| \-txBufferSize | True | Publisher | The size of the transmit buffer, specified in packets. | 16 |
| \-txRate | True | Publisher | The rate at which to transmit data, specified in megabytes. | _unlimited_ |
| \-txIterations | True | Publisher | Specifies the number of packets to publish before exiting. | _unlimited_ |
| \-txDurationMs | True | Publisher | Specifies how long to publish before exiting. | _unlimited_ |
| \-reportInterval | True | Both | The interval at which to output a report, specified in packets. | 100000 |
| \-tickInterval | True | Both | The interval at which to output tick marks. | 1000 |
| \-log | True | Listener | The name of a file to save a tabular report of measured performance. | _none_ |
| \-logInterval | True | Listener | The interval at which to output a measurement to the log. | 100000 |
| \-polite | True | Publisher | Switch indicating if the publisher should wait for the listener to be contacted before publishing. | _off_ |
| _arguments_ | True | Publisher | Space separated list of addresses to publish to, specified as addr:port. | _none_ |
h3. Usage Examples
h4. Listener
{noformat}
java -server com.tangosol.net.DatagramTest -local box1:9999 -packetSize 1468
{noformat}
h4. Publisher
{noformat}
java -server com.tangosol.net.DatagramTest -local box2:9999 -packetSize 1468 box1:9999
{noformat}
For ease of use, {{datagram-test.sh}} and {{datagram-test.cmd}} scripts are provided in the Coherence bin directory, and can be used to execute this test.
h2. Example
Let's say that we want to test network performance between two servers servers - _Server A_ with IP address 1{{95.0.0.1}} and _Server B_ with IP address {{195.0.0.2}}. One server will act as a packet publisher and the other as a packet listener, the publisher will transmit packets as fast as possible and the listener will measure and report performance statistics. First start the listener on _Server A_.
{noformat}
datagram-test.sh
{noformat}
After pressing {{ENTER}}, you should see the Datagram Test utility showing you that it is ready to receive packets.
{noformat}
starting listener: at /195.0.0.1:9999
packet size: 1468 bytes
buffer size: 1428 packets
report on: 100000 packets, 139 MBs
process: 4 bytes/packet
log: null
log on: 139 MBs
{noformat}
As you can see by default the test will try to allocate a network receive buffer large enough to hold 1428 packets, or about 2 MB. If it is unable to allocate this buffer it will report an error and exit. You can either decrease the requested buffer size using the {{\-rxBufferSize}} parameter or increase you OS network buffer settings. For best performance it is recommended that you increase the OS buffers. See the following [forum post|http://www.tangosol.net/forums/thread.jspa?threadID=616&tstart=0] for details on tuning your OS for Coherence.
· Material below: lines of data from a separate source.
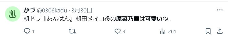 原菜乃華さんは、2025年スタートのNHK朝の連続テレビ小説「あんぱん」にも出演しています。
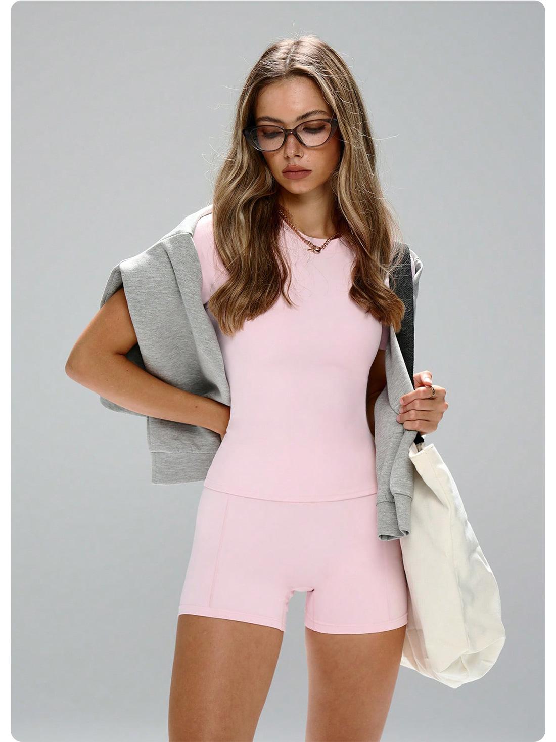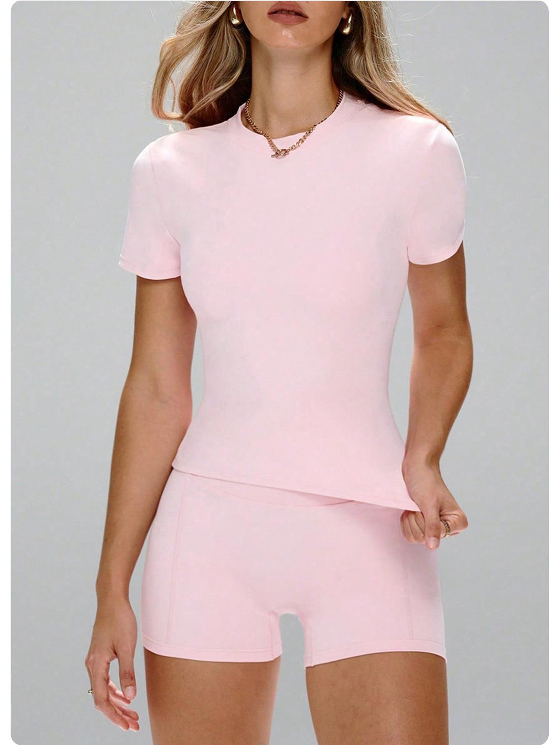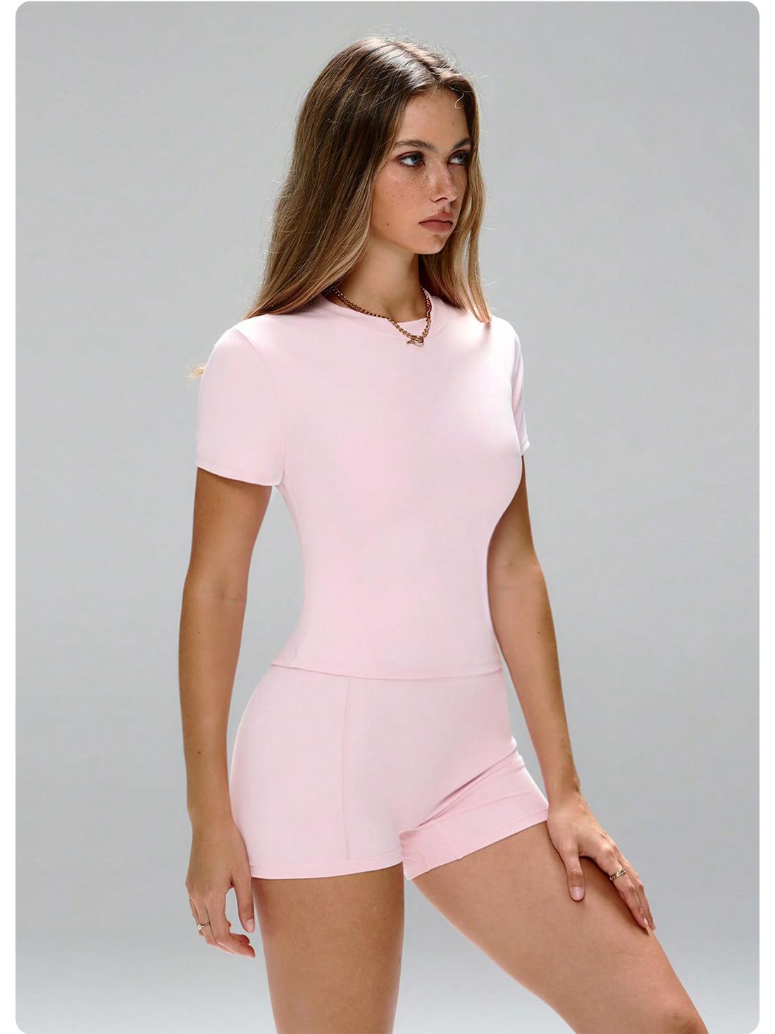 Pink short-sleeved shorts
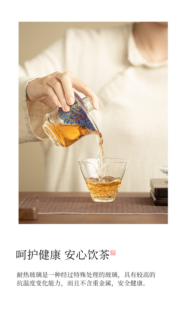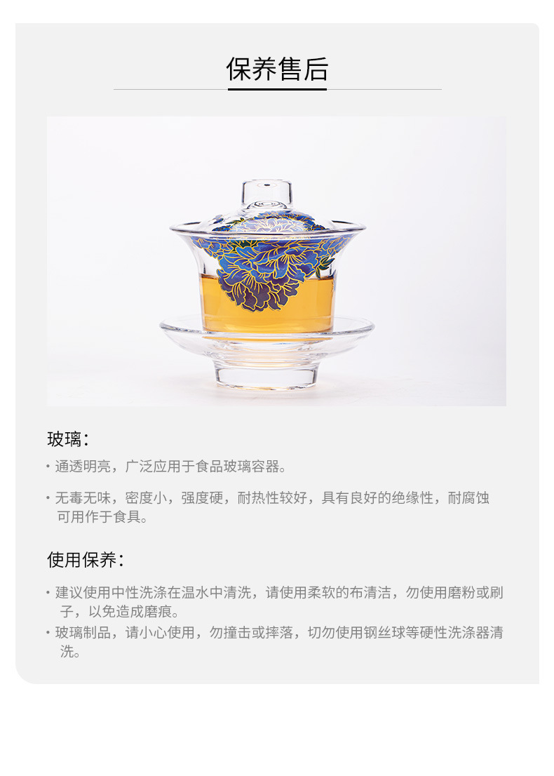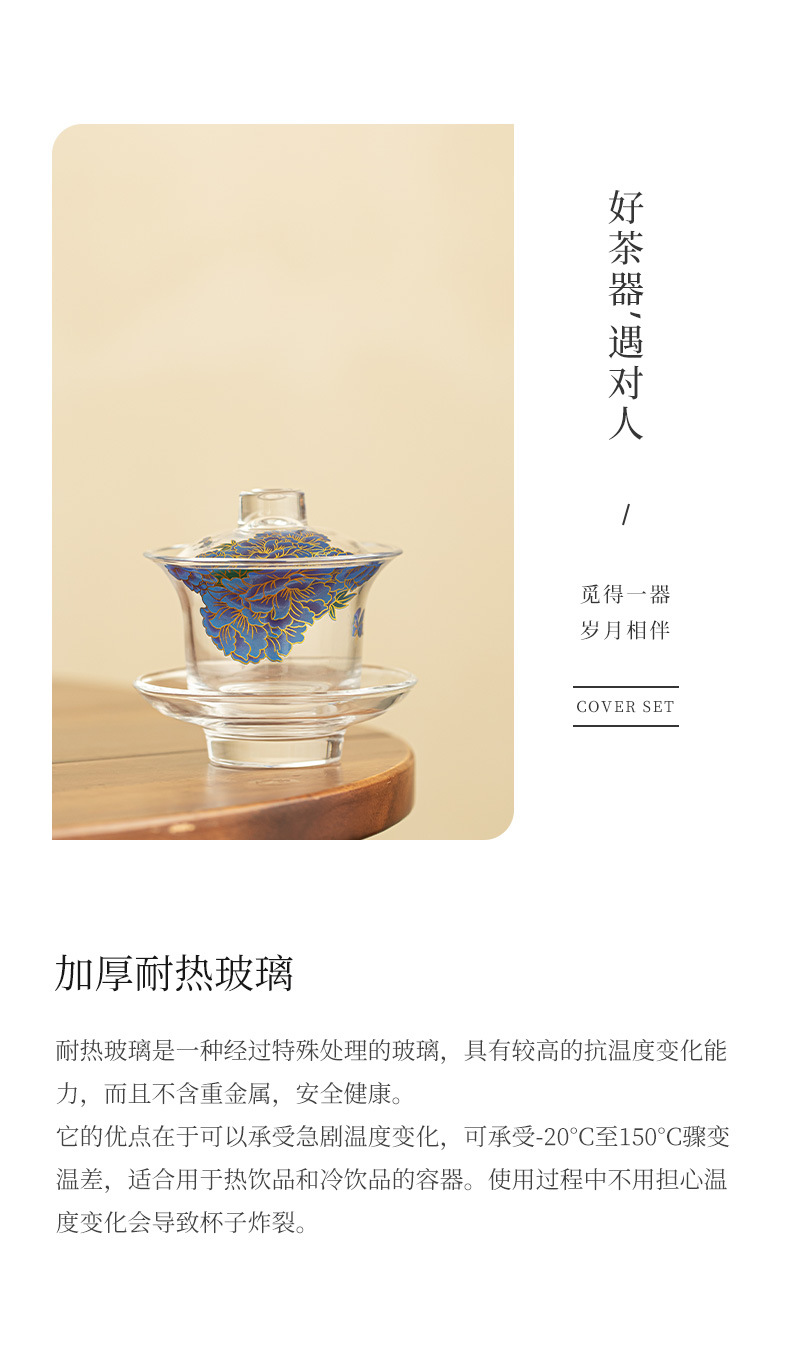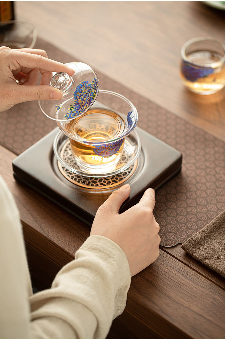 두꺼운 유리 크리스탈 질감의 삼중 뚜껑 그릇, 녹차 찻잔, 여름 찻잔, 쿵푸 차 세트스토어 가기
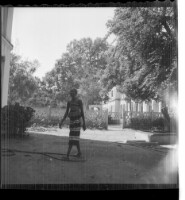 447. EAP449/2/32/447 Reference (shelfmark): EAP449/2/32/447 Title: A girl in a dress, pagne, and headscarf standing in profile walking towards a house in front of a structure and trees. Collection Area: Endangered Archives Programme Languages: Not applicable Date Range: 2nd half od the 20th century Extent: 1 TIFF image
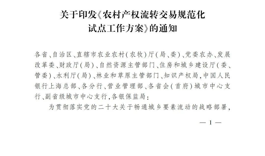 为贯彻落实党的二十大关于畅通城乡要素流动的战略部署,贯彻落实近年中央一号文件精神、《中共中央、国务院关于稳步推进农村集体产权制度政革的意见》和《国务院办公厅关于引导农村产权流转交易市场健康发展的意见》要求,现印发《农村产权流转交易规范化试点工作方案》,请结合实际认真组织实施。
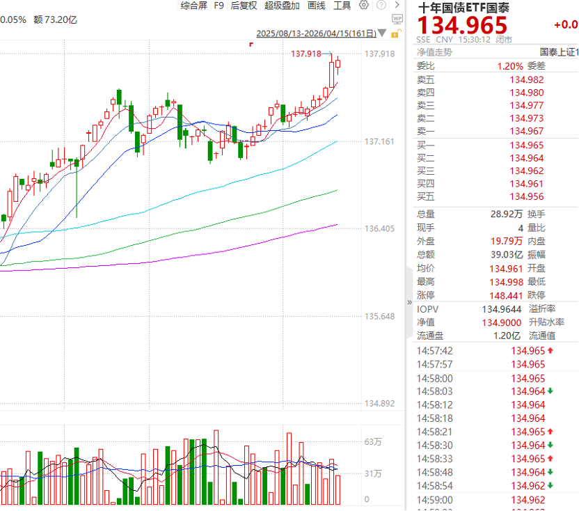 4月15日,近日长债表现较为优异。10年国债活跃券利率突破1.80;30年国债活跃券利率下行至2.28左右。相应地,十年国债ETF(511260)近5日收益率达到0.31%。从消息层面看,我国30年国债供给收缩传闻带动期限利差压缩,引发较为显著的上涨。
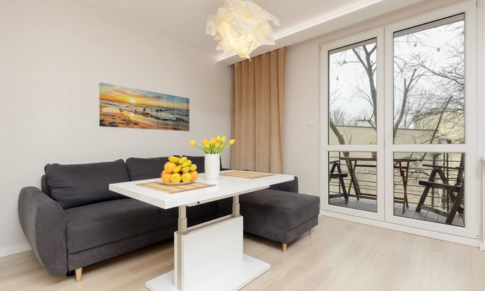 This comfortable flat can accommodate 4 people and has an area of 39 m². It will be an ideal choice for families and groups of friends. The flat consists of a living room with a kitchenette, a separate bedroom, a bathroom and a furnished balcony. It has a unique décor in pleasant light colours, with wooden elements. This will make our guests' stay relaxing and enjoyable. The living room is a spacious interior with a comfortable sofa bed, a table with chairs and a coffee table. It is connected to the kitchenette, which is fully equipped for preparing meals. Amenities such as a dishwasher, oven and microwave are also available. A table and chairs will allow you to dine comfortably with the whole family. The separate bedroom is furnished with a stylish double bed and a roomy wardrobe. A balcony with garden furniture leads out from the living room. There is a table and chairs where you can enjoy your morning coffee while admiring the beautiful views. The cosy bathroom has a bathtub, toiletries, towels and a washing machine. Fresh linen is of course provided in the flat. The multimedia facilities of the flat include a SmartTV and WIFI internet access.
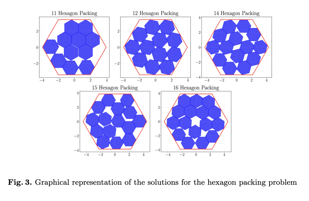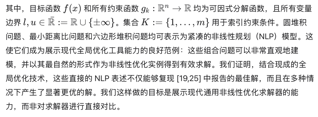 与此同时,基于大语言模型(LLMs)的算法设计新进展,重新引起了人们对一系列可表述为非线性优化模型的长期存在的几何与组合问题的关注。具体而言,DeepMind 提出了 AlphaEvolve 框架 [19,25],该框架在进化搜索中使用大语言模型生成的代码,为大量数学问题(包括圆堆积、六边形堆积及点集最小距离构型的多种变体)生成了高质量解。这些突破性成果自然引出一个问题:在具有挑战性的非线性问题上,最先进的全局优化求解器在多大程度上能够匹配甚至超越此类自动生成的算法?
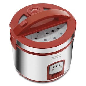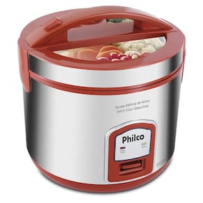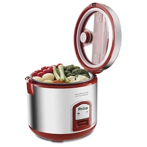 -Design moderno e sofisticado; -Multifuncional; -Otimize seu tempo cozinhando arroz e ao mesmo tempo legumes no vapor; -Tampa com visor em vidro permite o acompanhamento do preparo do alimento; -Coletor de água evita o acumulo de água na tampa da panela; -Colher para o manuseio do alimento; -Cordão de energia removível; -Capacidade para 10 xícaras de arroz; -Tigela com revestimento antiaderente; -Luzes indicadoras de funcionamento; -Faz diversos tipos de arroz; -Bandeja perfurada para cozinhar no vapor; -Tampa vedada com alça, botão de travamento e saída de vapor.Lâmpada piloto
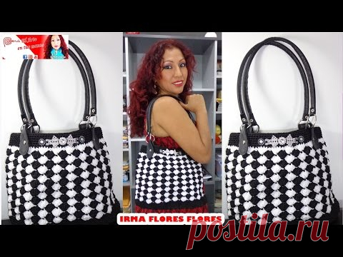 CARTERA ELEGANTE EN BLANCO Y NEGRO TEJIDO A CROCHET PASO A PASO
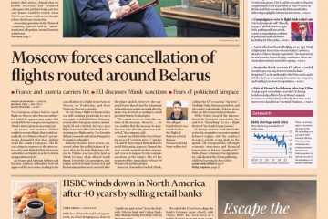 The Financial Times leads on European airlines being forced to cancel flights to Moscow after Russian authorities failed to approve new routes that avoided Belarus’s airspace in response to Minsk’s interception of a passenger jet.
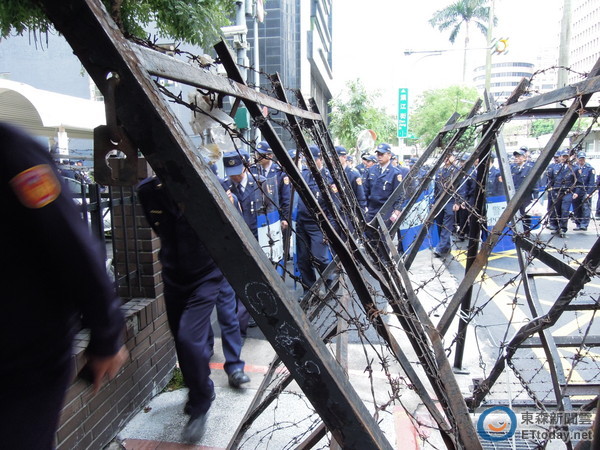 “立法院”周遭仍维持上千警力,警方交班都会引起学生骚动。(图片来自台媒)
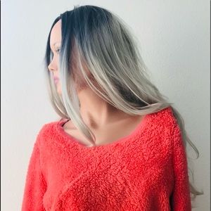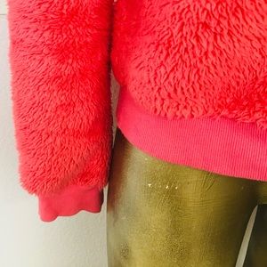 This is the coziest ever teddy bear-style sweater size medium. Tags have been removed, but this is the thickest softest fleece both inside and out. Item is machine-washable. Color is a peachy orange. Approximate measurements are 37 inches at bust, 36 inches at waist, 23 inches in length, 24 inches in sleeve length, 17 1/2 inches shoulder-to-shoulder. Item sold in gently-used condition.
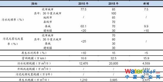 2012年4月,國(guó)務(wù)院發(fā)布《“十二五”全國(guó)城鎮(zhèn)污水處理及再生利用設(shè)施建設(shè)規(guī)劃》(以下簡(jiǎn)稱污水處理與再生“十二五”規(guī)劃),提出在“十一五”能力提高的基礎(chǔ)上,“十二五”期間,新建污水管網(wǎng)15.9萬(wàn)公里,新增污水處理規(guī)模45,69萬(wàn)m3/日,升級(jí)改造污水處理規(guī)模2,611萬(wàn)m3/日,新建污泥處理處臵規(guī)模518萬(wàn)t(干泥)/年,新建污水再生利用設(shè)施規(guī)模2,675萬(wàn)m3/日,實(shí)現(xiàn)到2015年末城市污水處理率達(dá)到85%、設(shè)市城市污泥無(wú)害化處理率達(dá)70%、城鎮(zhèn)污水處理設(shè)施再生水利用率達(dá)到15%以上。
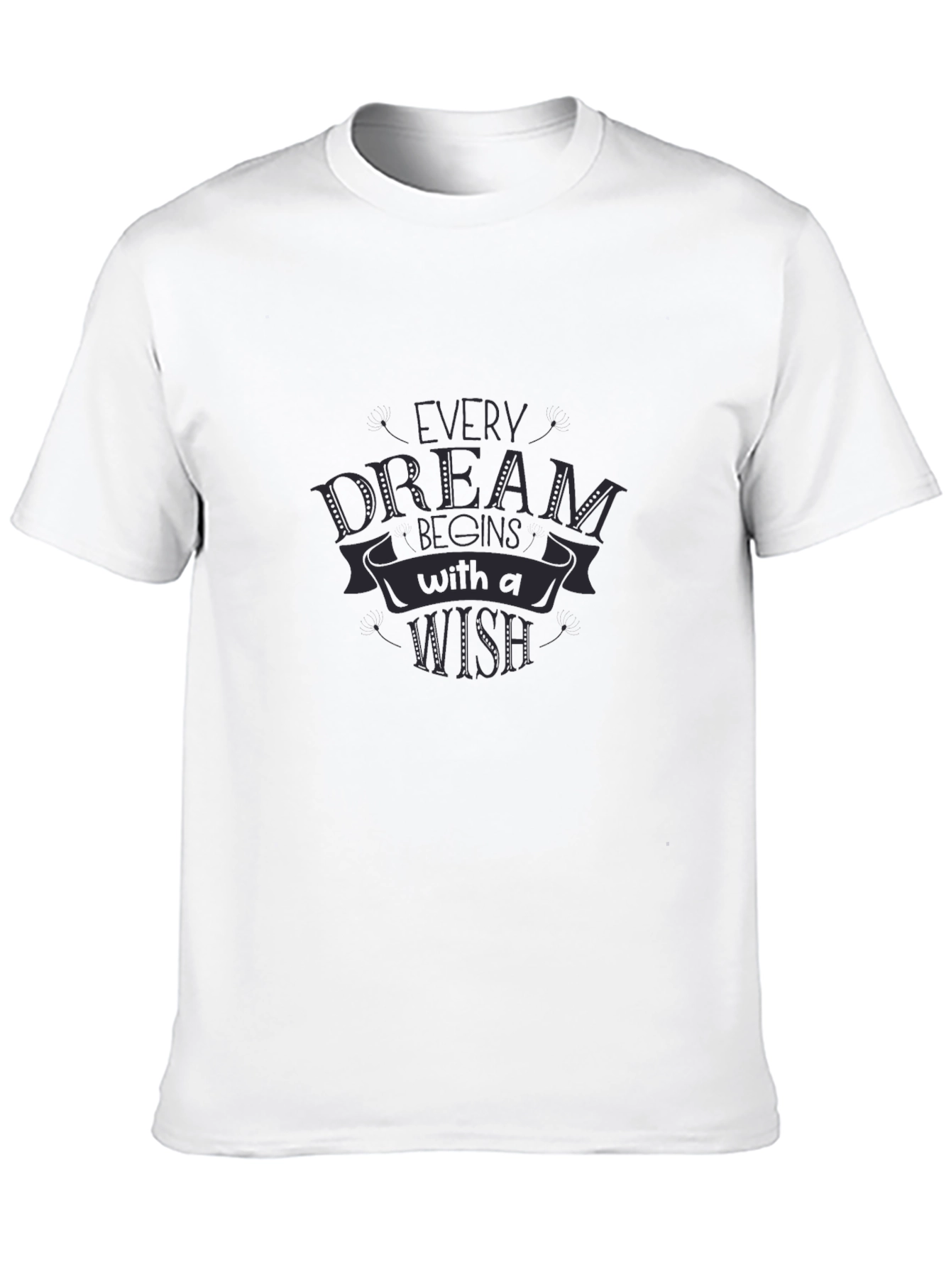 This classic black t-shirt features a stylish graphic print that reads "Every Dream Begins With a Wish." The design is eye-catching and subtly inspiring. Made from what appears to be a soft and comfortable material, this tee is perfect for casual wear. Its versatile design makes it suitable for everyday use, whether you're running errands, hanging out with friends, or simply relaxing at home. Show off your style with this inspirational t-shirt that combines comfort and a positive message.
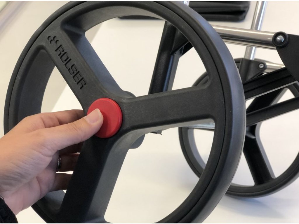 Podvozku dominují dvě sportovní kola o velikosti XL, která jsou jako stvořená pro hladké zdolávání terénních nerovností. Ať se vám do cesty postaví jakákoli překážka, snadno ji překonáte. Rychloupínací systém v podobě červených bodů, umožňuje jednoduše sundat kolečka a dosáhnout tak dokonale plochého tvaru. Tašku tak snadno uložíte třeba za skříň či pod postel.
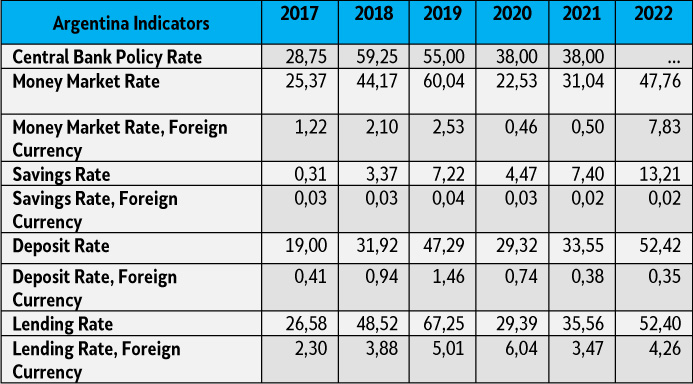 Се чини дека Аргентина ги поминува најкризните моменти, а со тоа економските показатели и трендови имаат тенденција на рушење на економијата. Иако се чинеше дека во 2020 година трендот на камaтните стапки ќе продолжи да се намалува, сепак пандемијата си го направи своето и повторно ги “подигна” каматните стапки на неподносливо ниво. Така, каматната стапка на централната банка својот пик го имаше во 2018 година, кога достигна ниво од скоро 60%, додека со последните расположливи податоци од 2021 година, изнесувала 38%. Поголеми циклични движења се забележани кај пазарната каматна стапка која по падот во 2020 година на 22.5%, се искачи до 47% кон крајот на 2022 година. Ваквиот скок претставува пораст за 58п.п, додека ако се анализира растот кај пазарните каматни стапки во странска валута, таму порастот е над 1.400%. Ако се прави сооднос помеѓу каматите за депозити и кредити, аргентинската економија е вистински парадокс. Имено, до 2021 година одржан е трендот каматните стапки на депозитите да бидат пониски од тие на кредитите. Најистакната разлика имало во 2019 година, кога и самите каматни стапки го достигнуваат својот врв, а гапот помеѓу нив изнесувал скоро 20%. Но тој тренд целосно се нарушил минатата година, кога каматите на депозитите ги надминале каматите на кредитите за 0.02%.

Once the listener process is running you may start the publisher on _Server B_, directing it to publish to _Server A_.
{noformat}
datagram-test.sh servera
{noformat}
After pressing {{ENTER}}, you should see the new Datagram test instance on _Server B_ start both a listener and a publisher. Note in this configuration _Server B's_ listener will not be used. The following output should appear in the _Server B_ command window.
{noformat}
starting listener: at /195.0.0.2:9999
packet size: 1468 bytes
buffer size: 1428 packets
report on: 100000 packets, 139 MBs
process: 4 bytes/packet
log: null
log on: 139 MBs
starting publisher: at /195.0.0.2:9999 sending to servera/195.0.0.1:9999
packet size: 1468 bytes
buffer size: 16 packets
report on: 100000 packets, 139 MBs
process: 4 bytes/packet
peers: 1
rate: no limit
no packet burst limit
oooooooooOoooooooooOoooooooooOoooooooooOoooooooooOoooooooooOoooooooooOoooooooooO
{noformat}
The series of "o" and "O" tick marks appear as data is (O)utput on the network. Each "o" represents 1000 packets, with "O" indicators at every 10,000 packets.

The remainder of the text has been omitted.